### [PROBLEM TO SOLVE]
Below are some entries; reproduce them exactly and leave every picture out.

Start of GIVEN DATA

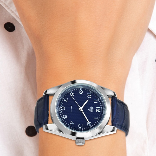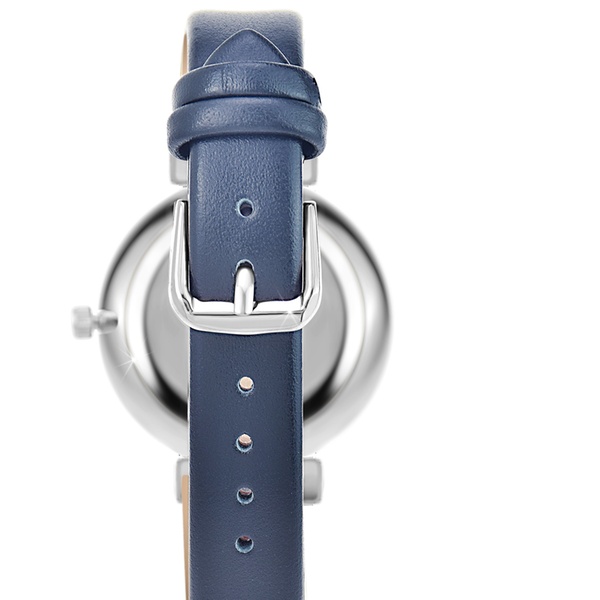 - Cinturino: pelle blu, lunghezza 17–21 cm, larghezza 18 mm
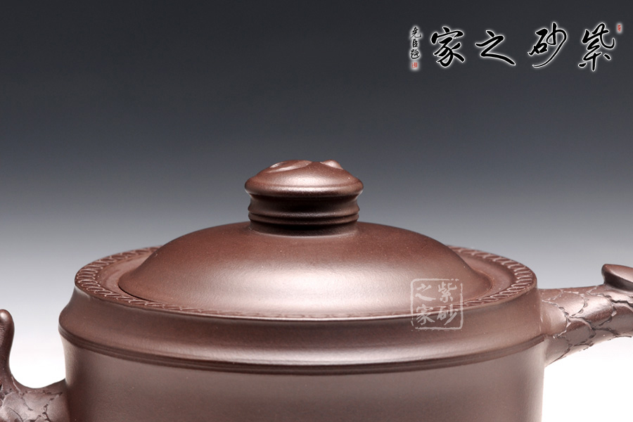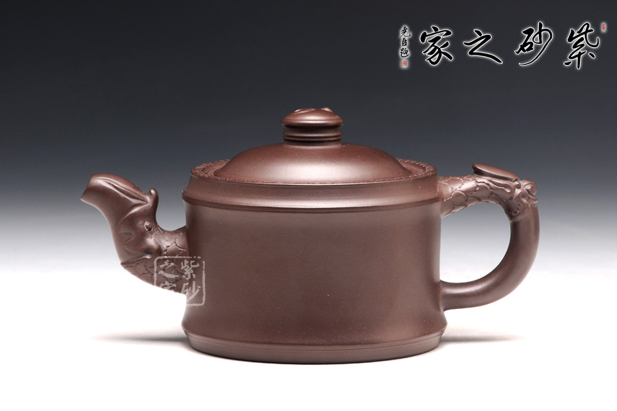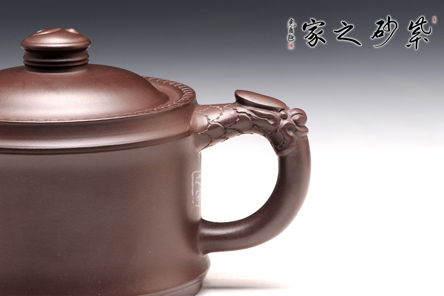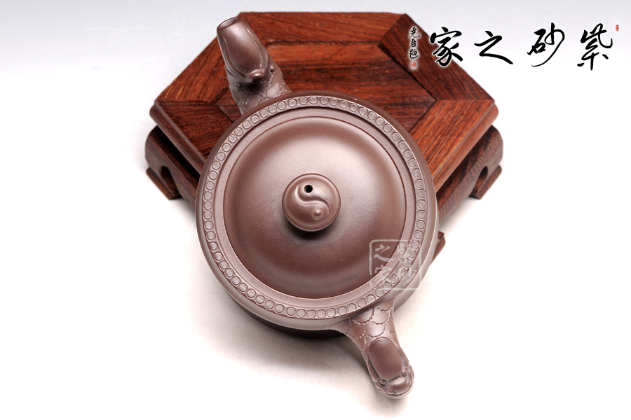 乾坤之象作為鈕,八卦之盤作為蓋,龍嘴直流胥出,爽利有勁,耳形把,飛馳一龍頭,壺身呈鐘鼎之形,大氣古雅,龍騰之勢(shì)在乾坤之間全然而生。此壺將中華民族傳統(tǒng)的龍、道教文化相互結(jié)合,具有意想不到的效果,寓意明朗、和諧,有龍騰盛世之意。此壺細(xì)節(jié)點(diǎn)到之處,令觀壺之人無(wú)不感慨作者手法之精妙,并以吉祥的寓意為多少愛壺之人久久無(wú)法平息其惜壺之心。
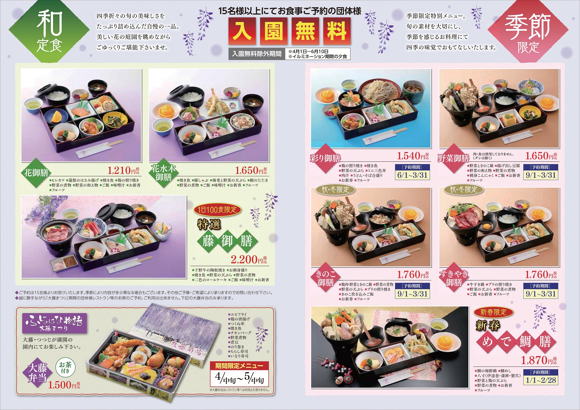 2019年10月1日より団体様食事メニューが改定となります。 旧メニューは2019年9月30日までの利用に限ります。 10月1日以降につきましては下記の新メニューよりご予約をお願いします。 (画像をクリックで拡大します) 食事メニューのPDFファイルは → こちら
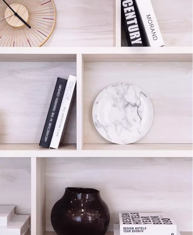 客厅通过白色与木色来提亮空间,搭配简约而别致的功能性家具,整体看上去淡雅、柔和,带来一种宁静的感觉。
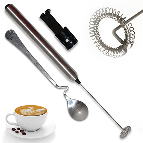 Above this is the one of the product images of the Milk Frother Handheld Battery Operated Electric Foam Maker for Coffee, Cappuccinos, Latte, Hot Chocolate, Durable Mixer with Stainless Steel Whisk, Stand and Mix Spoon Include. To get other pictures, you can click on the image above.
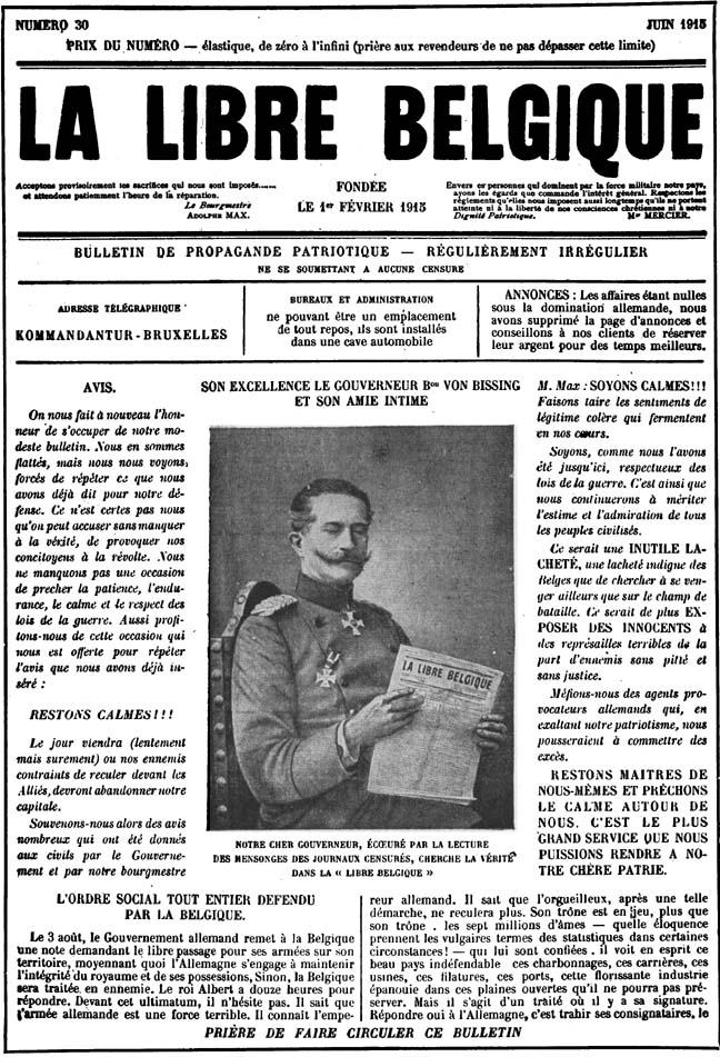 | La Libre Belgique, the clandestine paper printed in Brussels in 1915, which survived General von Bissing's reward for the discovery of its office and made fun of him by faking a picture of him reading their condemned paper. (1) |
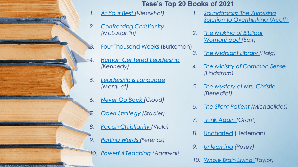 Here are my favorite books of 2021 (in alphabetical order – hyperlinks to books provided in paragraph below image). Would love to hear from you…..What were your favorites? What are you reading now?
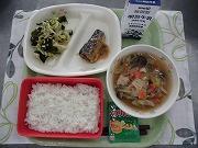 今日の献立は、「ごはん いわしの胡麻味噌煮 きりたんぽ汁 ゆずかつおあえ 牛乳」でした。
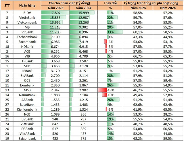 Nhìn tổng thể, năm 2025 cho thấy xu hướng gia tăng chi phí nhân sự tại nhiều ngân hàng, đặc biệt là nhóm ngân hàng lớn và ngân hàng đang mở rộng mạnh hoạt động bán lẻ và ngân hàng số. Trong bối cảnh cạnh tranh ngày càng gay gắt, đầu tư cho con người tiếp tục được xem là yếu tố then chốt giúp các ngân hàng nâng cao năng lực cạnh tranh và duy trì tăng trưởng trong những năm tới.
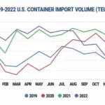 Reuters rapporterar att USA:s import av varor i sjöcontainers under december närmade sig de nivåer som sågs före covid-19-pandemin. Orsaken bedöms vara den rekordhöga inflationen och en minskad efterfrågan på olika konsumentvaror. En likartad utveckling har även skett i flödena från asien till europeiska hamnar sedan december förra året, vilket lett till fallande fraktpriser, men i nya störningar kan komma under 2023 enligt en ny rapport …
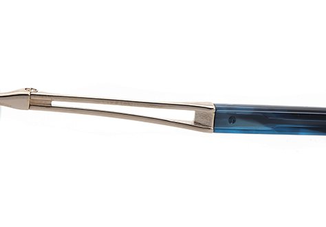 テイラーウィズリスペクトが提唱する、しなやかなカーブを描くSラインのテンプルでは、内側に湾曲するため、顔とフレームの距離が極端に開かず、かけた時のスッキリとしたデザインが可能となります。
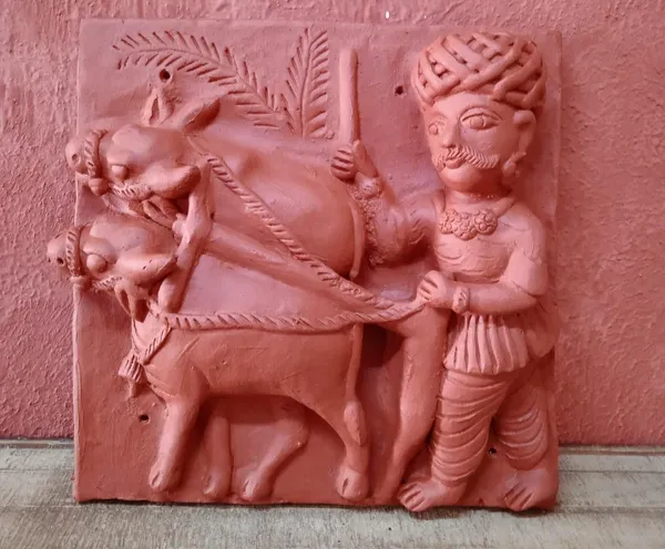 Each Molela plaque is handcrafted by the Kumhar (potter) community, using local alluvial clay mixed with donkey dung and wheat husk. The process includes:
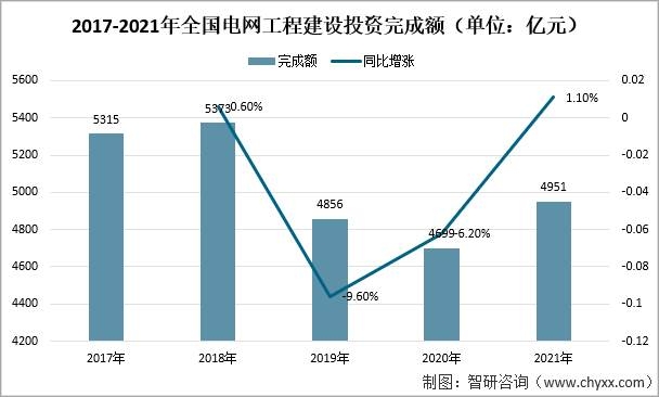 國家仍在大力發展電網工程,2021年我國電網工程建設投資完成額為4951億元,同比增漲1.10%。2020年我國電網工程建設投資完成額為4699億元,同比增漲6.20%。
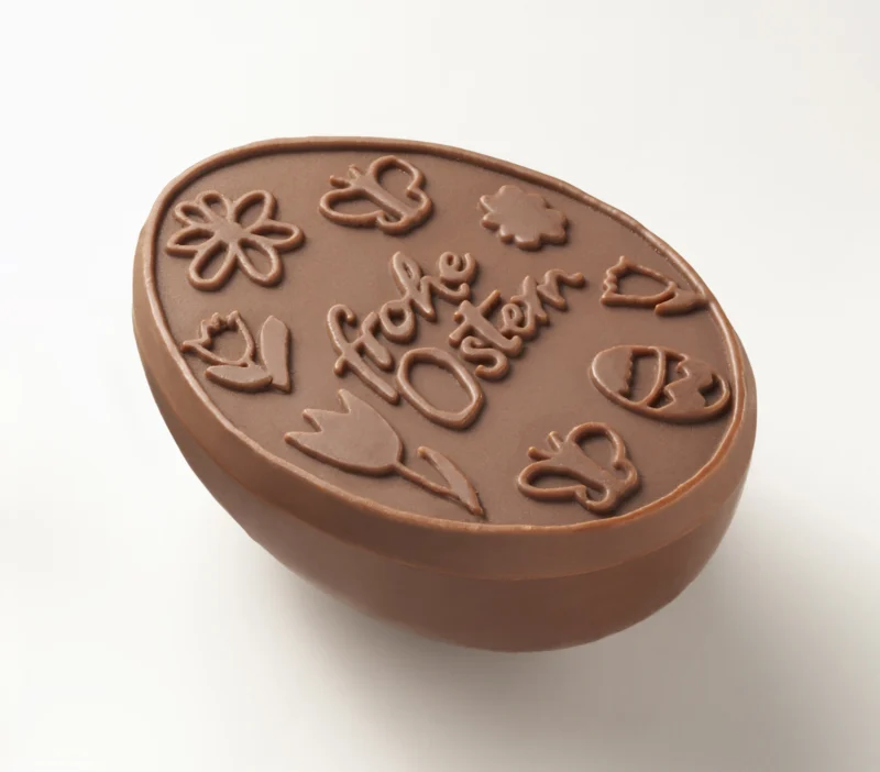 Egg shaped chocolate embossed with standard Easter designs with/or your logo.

End of GIVEN DATA

### [RESPONSE TO THIS EXERCISE]
 - Cinturino: pelle blu, lunghezza 17–21 cm, larghezza 18 mm
 乾坤之象作為鈕,八卦之盤作為蓋,龍嘴直流胥出,爽利有勁,耳形把,飛馳一龍頭,壺身呈鐘鼎之形,大氣古雅,龍騰之勢(shì)在乾坤之間全然而生。此壺將中華民族傳統(tǒng)的龍、道教文化相互結(jié)合,具有意想不到的效果,寓意明朗、和諧,有龍騰盛世之意。此壺細(xì)節(jié)點(diǎn)到之處,令觀壺之人無(wú)不感慨作者手法之精妙,并以吉祥的寓意為多少愛壺之人久久無(wú)法平息其惜壺之心。
 2019年10月1日より団体様食事メニューが改定となります。 旧メニューは2019年9月30日までの利用に限ります。 10月1日以降につきましては下記の新メニューよりご予約をお願いします。 (画像をクリックで拡大します) 食事メニューのPDFファイルは → こちら
 客厅通过白色与木色来提亮空间,搭配简约而别致的功能性家具,整体看上去淡雅、柔和,带来一种宁静的感觉。
 Above this is the one of the product images of the Milk Frother Handheld Battery Operated Electric Foam Maker for Coffee, Cappuccinos, Latte, Hot Chocolate, Durable Mixer with Stainless Steel Whisk, Stand and Mix Spoon Include. To get other pictures, you can click on the image above.
 | La Libre Belgique, the clandestine paper printed in Brussels in 1915, which survived General von Bissing's reward for the discovery of its office and made fun of him by faking a picture of him reading their condemned paper. (1) |
 Here are my favorite books of 2021 (in alphabetical order – hyperlinks to books provided in paragraph below image). Would love to hear from you…..What were your favorites? What are you reading now?
 今日の献立は、「ごはん いわしの胡麻味噌煮 きりたんぽ汁 ゆずかつおあえ 牛乳」でした。
 Nhìn tổng thể, năm 2025 cho thấy xu hướng gia tăng chi phí nhân sự tại nhiều ngân hàng, đặc biệt là nhóm ngân hàng lớn và ngân hàng đang mở rộng mạnh hoạt động bán lẻ và ngân hàng số. Trong bối cảnh cạnh tranh ngày càng gay gắt, đầu tư cho con người tiếp tục được xem là yếu tố then chốt giúp các ngân hàng nâng cao năng lực cạnh tranh và duy trì tăng trưởng trong những năm tới.
 Reuters rapporterar att USA:s import av varor i sjöcontainers under december närmade sig de nivåer som sågs före covid-19-pandemin. Orsaken bedöms vara den rekordhöga inflationen och en minskad efterfrågan på olika konsumentvaror. En likartad utveckling har även skett i flödena från asien till europeiska hamnar sedan december förra året, vilket lett till fallande fraktpriser, men i nya störningar kan komma under 2023 enligt en ny rapport …
 テイラーウィズリスペクトが提唱する、しなやかなカーブを描くSラインのテンプルでは、内側に湾曲するため、顔とフレームの距離が極端に開かず、かけた時のスッキリとしたデザインが可能となります。
 Each Molela plaque is handcrafted by the Kumhar (potter) community, using local alluvial clay mixed with donkey dung and wheat husk. The process includes:
 國家仍在大力發展電網工程,2021年我國電網工程建設投資完成額為4951億元,同比增漲1.10%。2020年我國電網工程建設投資完成額為4699億元,同比增漲6.20%。
 Egg shaped chocolate embossed with standard Easter designs with/or your logo.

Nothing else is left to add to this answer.